** INFORMATION PROVIDED follows **

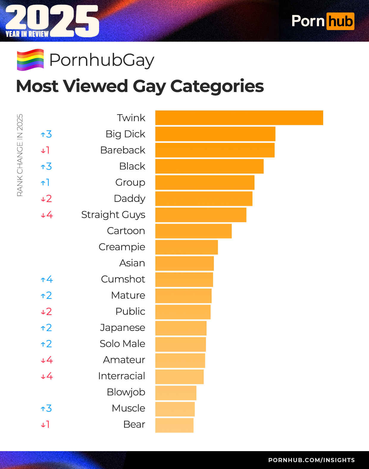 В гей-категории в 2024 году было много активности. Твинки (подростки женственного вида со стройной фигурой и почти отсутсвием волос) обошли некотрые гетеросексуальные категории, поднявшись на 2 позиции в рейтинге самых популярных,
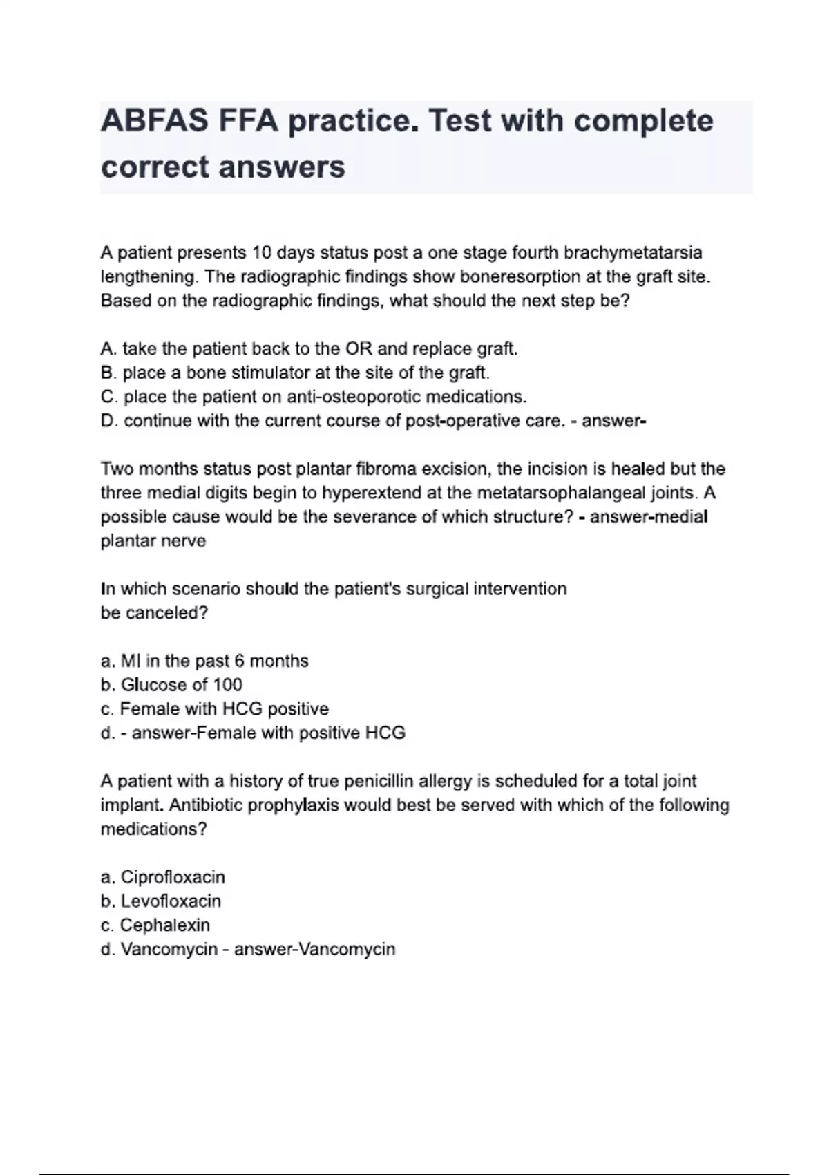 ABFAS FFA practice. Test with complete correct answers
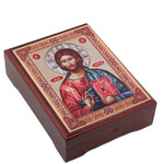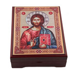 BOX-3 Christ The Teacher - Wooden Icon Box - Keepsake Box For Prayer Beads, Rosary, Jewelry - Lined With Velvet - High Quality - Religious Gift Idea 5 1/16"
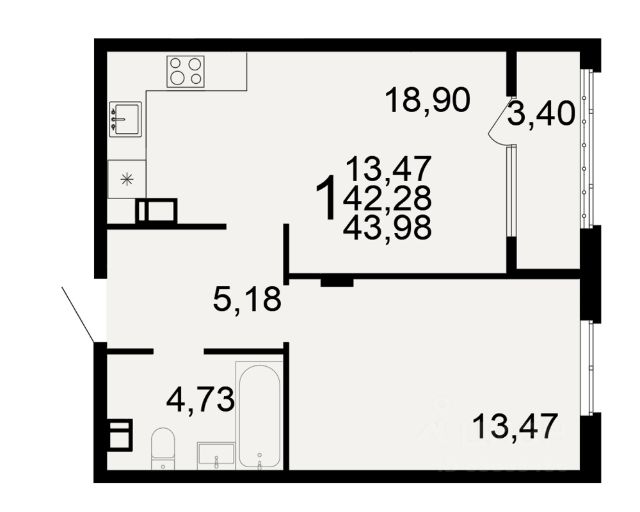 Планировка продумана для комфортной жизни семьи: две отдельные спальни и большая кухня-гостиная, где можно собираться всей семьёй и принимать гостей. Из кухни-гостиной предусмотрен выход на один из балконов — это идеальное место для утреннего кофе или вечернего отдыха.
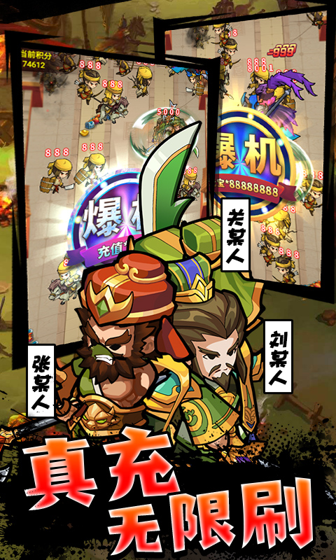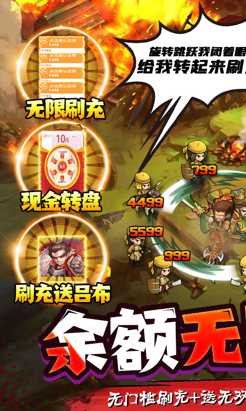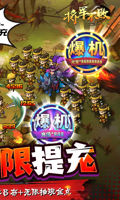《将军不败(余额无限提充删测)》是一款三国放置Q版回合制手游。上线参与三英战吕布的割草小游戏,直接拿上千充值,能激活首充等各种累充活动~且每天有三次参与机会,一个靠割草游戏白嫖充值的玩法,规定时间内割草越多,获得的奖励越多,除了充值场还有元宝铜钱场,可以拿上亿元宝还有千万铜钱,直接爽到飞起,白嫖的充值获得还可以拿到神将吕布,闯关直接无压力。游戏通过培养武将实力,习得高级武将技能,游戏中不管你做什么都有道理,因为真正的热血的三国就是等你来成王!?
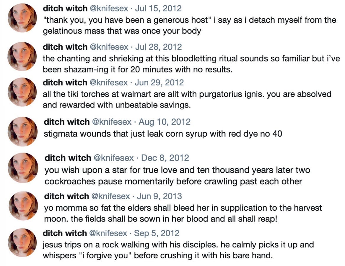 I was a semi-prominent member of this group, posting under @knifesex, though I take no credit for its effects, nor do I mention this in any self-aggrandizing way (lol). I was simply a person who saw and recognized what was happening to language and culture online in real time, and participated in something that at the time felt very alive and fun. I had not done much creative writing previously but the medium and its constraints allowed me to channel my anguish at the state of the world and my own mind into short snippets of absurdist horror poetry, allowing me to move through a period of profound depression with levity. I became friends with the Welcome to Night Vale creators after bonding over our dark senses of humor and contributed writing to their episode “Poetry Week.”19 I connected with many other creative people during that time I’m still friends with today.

** End of INFORMATION PROVIDED **

**BRIEF**
Using the records above, copy exactly and only the lines from the line with "BOX-3 Christ The" through the end, both included; leave every picture out.

**OUTPUT OF THE TASK**
 BOX-3 Christ The Teacher - Wooden Icon Box - Keepsake Box For Prayer Beads, Rosary, Jewelry - Lined With Velvet - High Quality - Religious Gift Idea 5 1/16"
 Планировка продумана для комфортной жизни семьи: две отдельные спальни и большая кухня-гостиная, где можно собираться всей семьёй и принимать гостей. Из кухни-гостиной предусмотрен выход на один из балконов — это идеальное место для утреннего кофе или вечернего отдыха.
《将军不败(余额无限提充删测)》是一款三国放置Q版回合制手游。上线参与三英战吕布的割草小游戏,直接拿上千充值,能激活首充等各种累充活动~且每天有三次参与机会,一个靠割草游戏白嫖充值的玩法,规定时间内割草越多,获得的奖励越多,除了充值场还有元宝铜钱场,可以拿上亿元宝还有千万铜钱,直接爽到飞起,白嫖的充值获得还可以拿到神将吕布,闯关直接无压力。游戏通过培养武将实力,习得高级武将技能,游戏中不管你做什么都有道理,因为真正的热血的三国就是等你来成王!?
 I was a semi-prominent member of this group, posting under @knifesex, though I take no credit for its effects, nor do I mention this in any self-aggrandizing way (lol). I was simply a person who saw and recognized what was happening to language and culture online in real time, and participated in something that at the time felt very alive and fun. I had not done much creative writing previously but the medium and its constraints allowed me to channel my anguish at the state of the world and my own mind into short snippets of absurdist horror poetry, allowing me to move through a period of profound depression with levity. I became friends with the Welcome to Night Vale creators after bonding over our dark senses of humor and contributed writing to their episode “Poetry Week.”19 I connected with many other creative people during that time I’m still friends with today.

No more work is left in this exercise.